Dataset extract ->
- - - - - - -
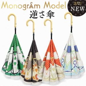 美しい両面柄のモノグラム 逆さ傘 晴雨兼用 レディース 傘 大きい【 CARRY saKASA キャリーサカサ Monogram Model 】 雨傘 おしゃれ 長傘 ブランド 婦人ギフト
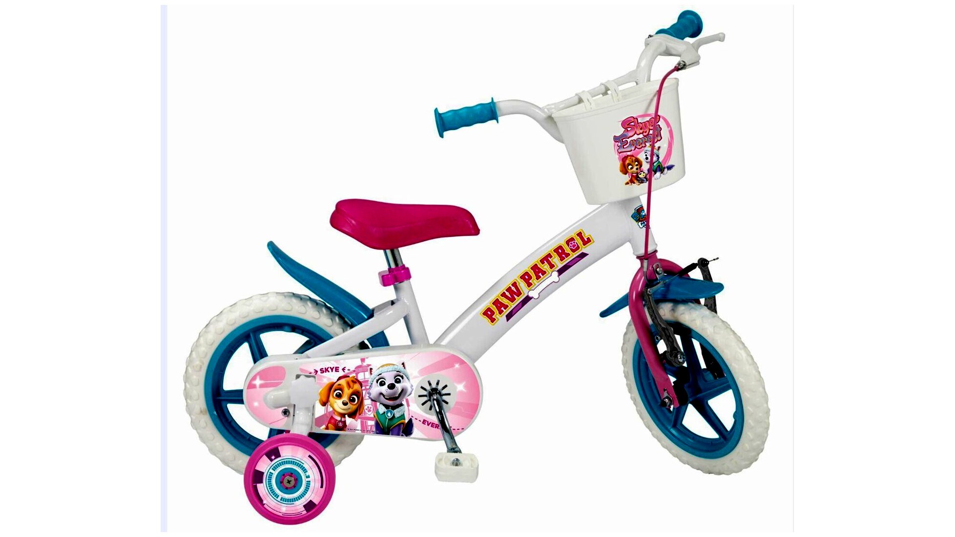 A 12"-os Paw Patrol kerékpár állítható nyereggel és kormányrúddal, első kosárral és színes Paw Patrol matricával is rendelkezik.
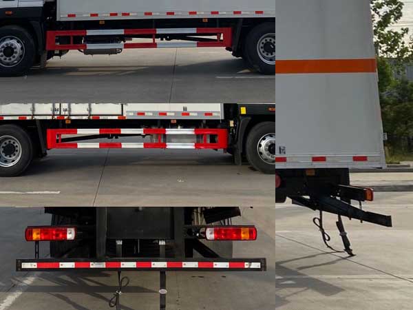 其它 | ABS型號:ABS-E,ABS/ASR-24V-4S/4M,CM4XL-4S/4M,3550D-1010;ABS生產(chǎn)企業(yè):威伯科汽車控制系統(tǒng)(中國)有限公司,東科克諾爾商用車制動系統(tǒng)(十堰)有限公司,廣州瑞立科密汽車電子股份有限公司,東科克諾爾商用車制動系統(tǒng)(十堰)有限公司;安裝有限速裝置;限速裝置限速(km/h):80;安裝有具有衛(wèi)星定位功能的行駛記錄儀;選裝描述:選裝側(cè)門型式及位置,選裝側(cè)門數(shù)量,選裝不開側(cè)門,廂體側(cè)面板選裝開百葉窗,選裝瓦楞板結(jié)構(gòu).該車型可選裝ETC車載裝置;發(fā)動機(jī)/油耗值(L/100km)對應(yīng)關(guān)系為:F4.5NS6B220/24.4,B6.2NS6B210/26;側(cè)后防護(hù)情況:側(cè)、后防護(hù)材料均為Q235,螺栓連接,后防護(hù)截面尺寸120×70mm,下邊緣離地高450mm;車廂頂部封閉且不可開啟;運(yùn)輸獨立容器(瓶)包裝的貨物;危險貨物類項號:第3類;其他說明:僅選用排氣管前置、前輪盤式制動及子午線輪胎的底盤.該車轉(zhuǎn)向輪安裝輪胎爆胎應(yīng)急防護(hù)裝置,后軸采用空氣懸架.該車為危險貨物運(yùn)輸車。選裝后尾板時,后防護(hù)材料為Q235,焊接,截面尺寸120×50mm,下邊緣離地高450mm。尾板收起狀態(tài)水平長度為290mm,尾板質(zhì)量為550kg。隨底盤選裝駕駛室;選裝燃油箱,電瓶,尿素罐,后處理,儲氣筒左右安裝位置。 | ||
- - - - - - -
Task requirements -> Copy out the material exactly as it stands, though no picture should appear in the copy.

Answer box ->
 美しい両面柄のモノグラム 逆さ傘 晴雨兼用 レディース 傘 大きい【 CARRY saKASA キャリーサカサ Monogram Model 】 雨傘 おしゃれ 長傘 ブランド 婦人ギフト
 A 12"-os Paw Patrol kerékpár állítható nyereggel és kormányrúddal, első kosárral és színes Paw Patrol matricával is rendelkezik.
 其它 | ABS型號:ABS-E,ABS/ASR-24V-4S/4M,CM4XL-4S/4M,3550D-1010;ABS生產(chǎn)企業(yè):威伯科汽車控制系統(tǒng)(中國)有限公司,東科克諾爾商用車制動系統(tǒng)(十堰)有限公司,廣州瑞立科密汽車電子股份有限公司,東科克諾爾商用車制動系統(tǒng)(十堰)有限公司;安裝有限速裝置;限速裝置限速(km/h):80;安裝有具有衛(wèi)星定位功能的行駛記錄儀;選裝描述:選裝側(cè)門型式及位置,選裝側(cè)門數(shù)量,選裝不開側(cè)門,廂體側(cè)面板選裝開百葉窗,選裝瓦楞板結(jié)構(gòu).該車型可選裝ETC車載裝置;發(fā)動機(jī)/油耗值(L/100km)對應(yīng)關(guān)系為:F4.5NS6B220/24.4,B6.2NS6B210/26;側(cè)后防護(hù)情況:側(cè)、后防護(hù)材料均為Q235,螺栓連接,后防護(hù)截面尺寸120×70mm,下邊緣離地高450mm;車廂頂部封閉且不可開啟;運(yùn)輸獨立容器(瓶)包裝的貨物;危險貨物類項號:第3類;其他說明:僅選用排氣管前置、前輪盤式制動及子午線輪胎的底盤.該車轉(zhuǎn)向輪安裝輪胎爆胎應(yīng)急防護(hù)裝置,后軸采用空氣懸架.該車為危險貨物運(yùn)輸車。選裝后尾板時,后防護(hù)材料為Q235,焊接,截面尺寸120×50mm,下邊緣離地高450mm。尾板收起狀態(tài)水平長度為290mm,尾板質(zhì)量為550kg。隨底盤選裝駕駛室;選裝燃油箱,電瓶,尿素罐,后處理,儲氣筒左右安裝位置。 | ||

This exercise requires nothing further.